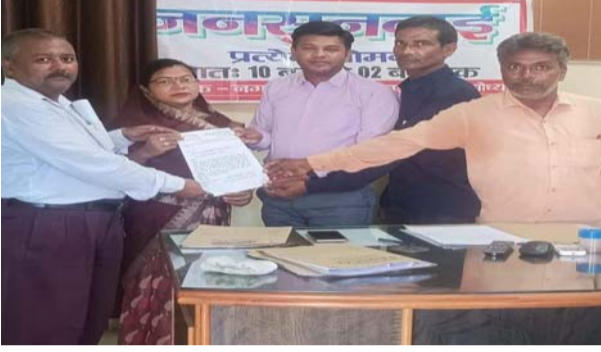
अविलंब उसे चालू कराने की मांग की थी लेकिन आज तक कोई कामयाबी नहीं मिली। गौरतलब हो
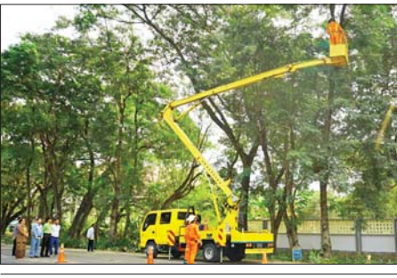
မိတ္ထီလာမြို့တွင်းလမ်းပိုင်း လမ်းဘေးဝဲ / ယာရှို သစ်ပင်အကိုင်အခက်များ ခုတ်ထွင်ရှင်းလင်း

မိတ္ထီလာ ဇန်နဝါရီ ၁၇ မန္တလေးတိုင်းဒေသကြီး မိတ္ထီလာမြို့နယ်၌ ရန်ကုန်-မန္တလေး
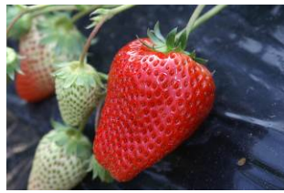
甘みと酸味のバランスが良い 江間のいちご「紅ほっぺ」
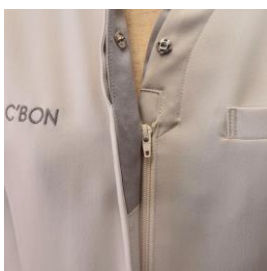
▲フロントファスナー
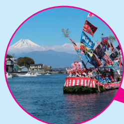
大瀨祭 (4月) C2 大瀨祭り (4月)
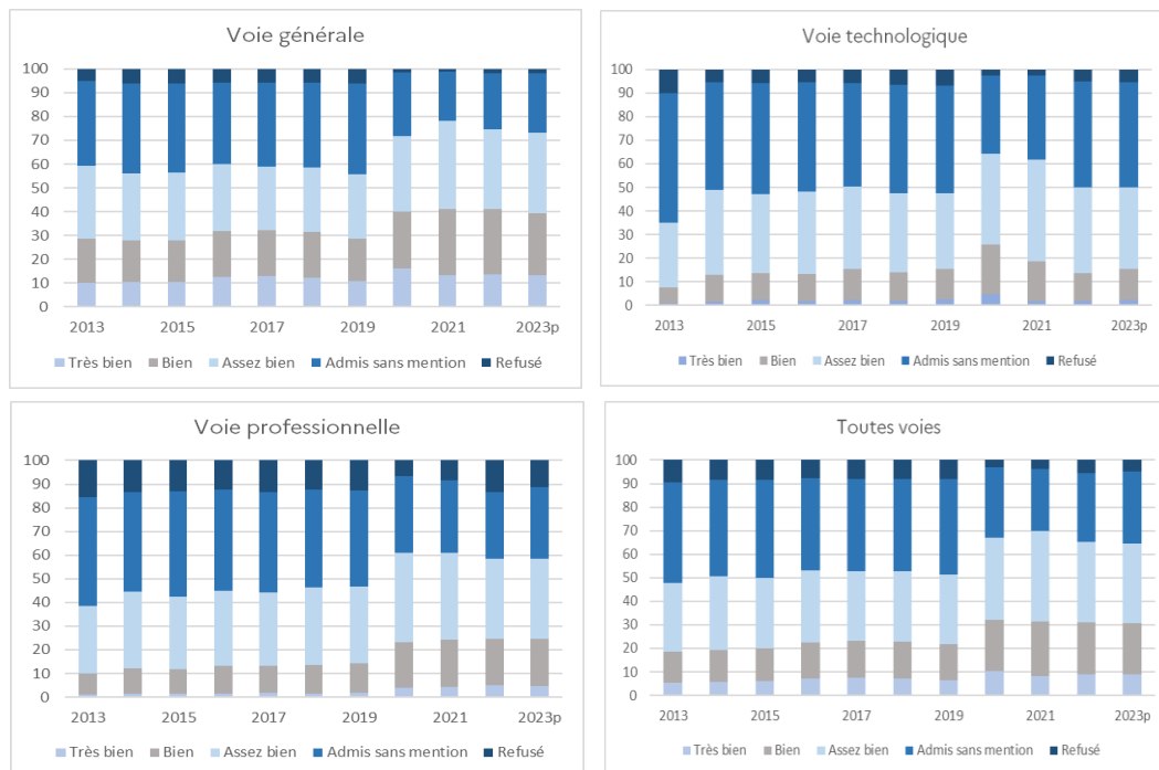
Figure 3 Résultats des candidats présents selon la voie depuis 2013 (en %)

Dans la voie professionnelle, le taux de mention progresse doucement jusqu'en 2019. Il augmente fortement en 2020 puis se stabilise jusqu'à la session 2023. Le taux de mention est de 58,5% (cf. figure 3).

* * *

Task statement
Each line above that includes "voie" should be shown.

Solution for this exercise
Figure 3 Résultats des candidats présents selon la voie depuis 2013 (en %)
Dans la voie professionnelle, le taux de mention progresse doucement jusqu'en 2019. Il augmente fortement en 2020 puis se stabilise jusqu'à la session 2023. Le taux de mention est de 58,5% (cf. figure 3).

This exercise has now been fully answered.